> [About this exercise]
Before copying, remove every picture, and then repeat all entries below precisely as written.

> [Record extracts]

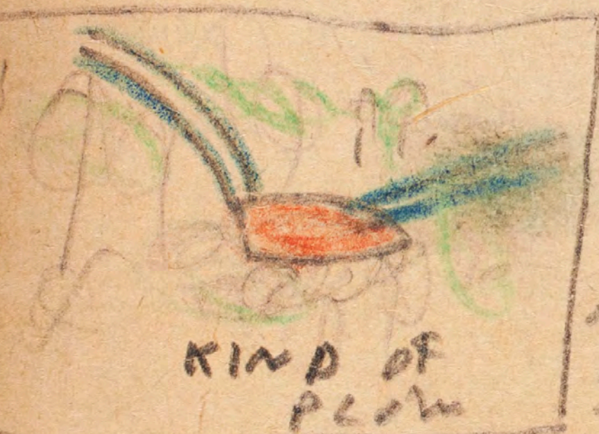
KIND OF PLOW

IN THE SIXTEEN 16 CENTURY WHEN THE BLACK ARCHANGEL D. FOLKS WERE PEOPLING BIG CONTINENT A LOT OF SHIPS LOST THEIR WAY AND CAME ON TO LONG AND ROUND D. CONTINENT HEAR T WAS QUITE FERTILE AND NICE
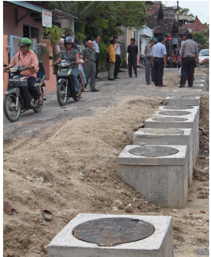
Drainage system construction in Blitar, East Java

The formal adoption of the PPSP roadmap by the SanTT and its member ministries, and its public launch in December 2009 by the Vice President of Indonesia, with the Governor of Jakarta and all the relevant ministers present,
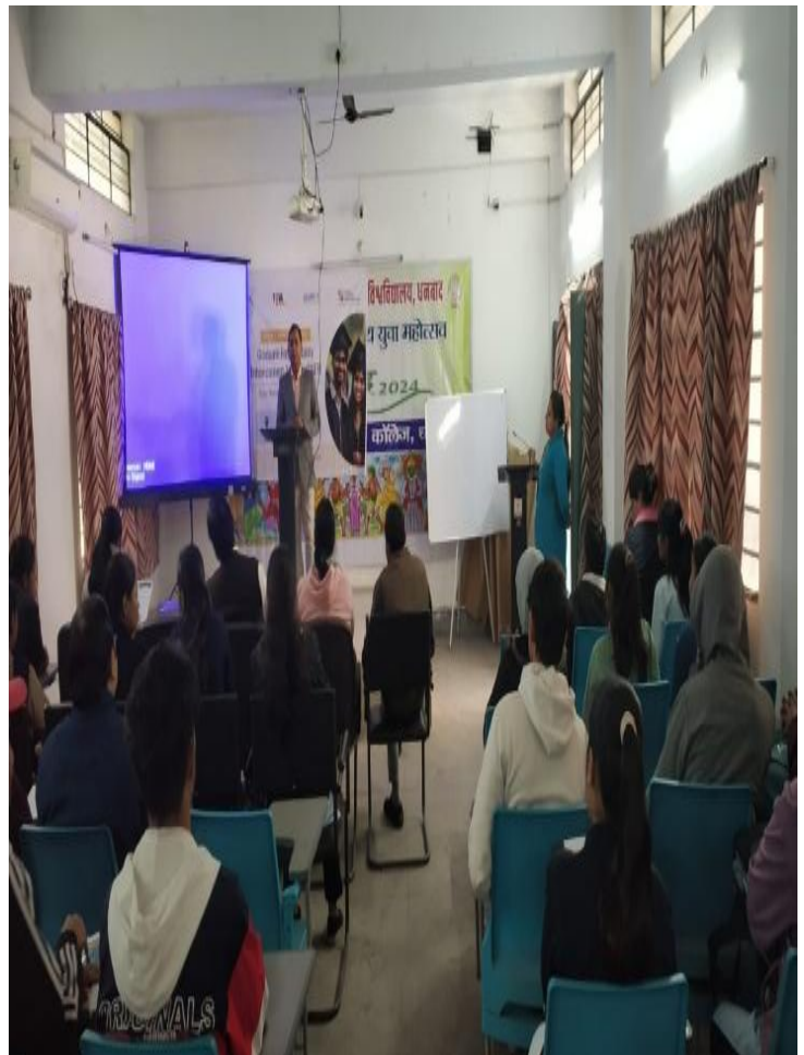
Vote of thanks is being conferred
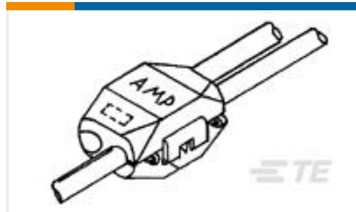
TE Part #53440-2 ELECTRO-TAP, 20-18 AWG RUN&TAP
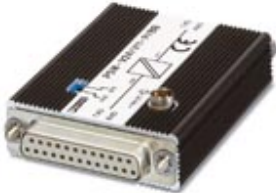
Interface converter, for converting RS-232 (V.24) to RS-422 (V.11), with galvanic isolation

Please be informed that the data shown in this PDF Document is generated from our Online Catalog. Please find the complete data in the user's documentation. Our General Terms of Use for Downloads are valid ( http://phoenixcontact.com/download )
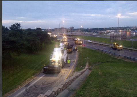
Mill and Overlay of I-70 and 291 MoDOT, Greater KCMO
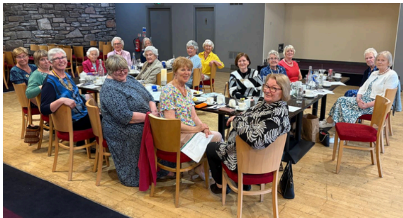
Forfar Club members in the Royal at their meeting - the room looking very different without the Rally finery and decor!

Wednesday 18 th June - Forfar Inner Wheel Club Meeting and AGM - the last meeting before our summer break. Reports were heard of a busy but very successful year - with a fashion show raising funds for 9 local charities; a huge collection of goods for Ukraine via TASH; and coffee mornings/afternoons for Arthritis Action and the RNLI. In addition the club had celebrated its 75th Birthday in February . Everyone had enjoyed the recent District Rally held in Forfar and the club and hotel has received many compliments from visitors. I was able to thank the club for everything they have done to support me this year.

> [Response below]
KIND OF PLOW

IN THE SIXTEEN 16 CENTURY WHEN THE BLACK ARCHANGEL D. FOLKS WERE PEOPLING BIG CONTINENT A LOT OF SHIPS LOST THEIR WAY AND CAME ON TO LONG AND ROUND D. CONTINENT HEAR T WAS QUITE FERTILE AND NICE
Drainage system construction in Blitar, East Java

The formal adoption of the PPSP roadmap by the SanTT and its member ministries, and its public launch in December 2009 by the Vice President of Indonesia, with the Governor of Jakarta and all the relevant ministers present,
Vote of thanks is being conferred
TE Part #53440-2 ELECTRO-TAP, 20-18 AWG RUN&TAP
Interface converter, for converting RS-232 (V.24) to RS-422 (V.11), with galvanic isolation

Please be informed that the data shown in this PDF Document is generated from our Online Catalog. Please find the complete data in the user's documentation. Our General Terms of Use for Downloads are valid ( http://phoenixcontact.com/download )
Mill and Overlay of I-70 and 291 MoDOT, Greater KCMO
Forfar Club members in the Royal at their meeting - the room looking very different without the Rally finery and decor!

Wednesday 18 th June - Forfar Inner Wheel Club Meeting and AGM - the last meeting before our summer break. Reports were heard of a busy but very successful year - with a fashion show raising funds for 9 local charities; a huge collection of goods for Ukraine via TASH; and coffee mornings/afternoons for Arthritis Action and the RNLI. In addition the club had celebrated its 75th Birthday in February . Everyone had enjoyed the recent District Rally held in Forfar and the club and hotel has received many compliments from visitors. I was able to thank the club for everything they have done to support me this year.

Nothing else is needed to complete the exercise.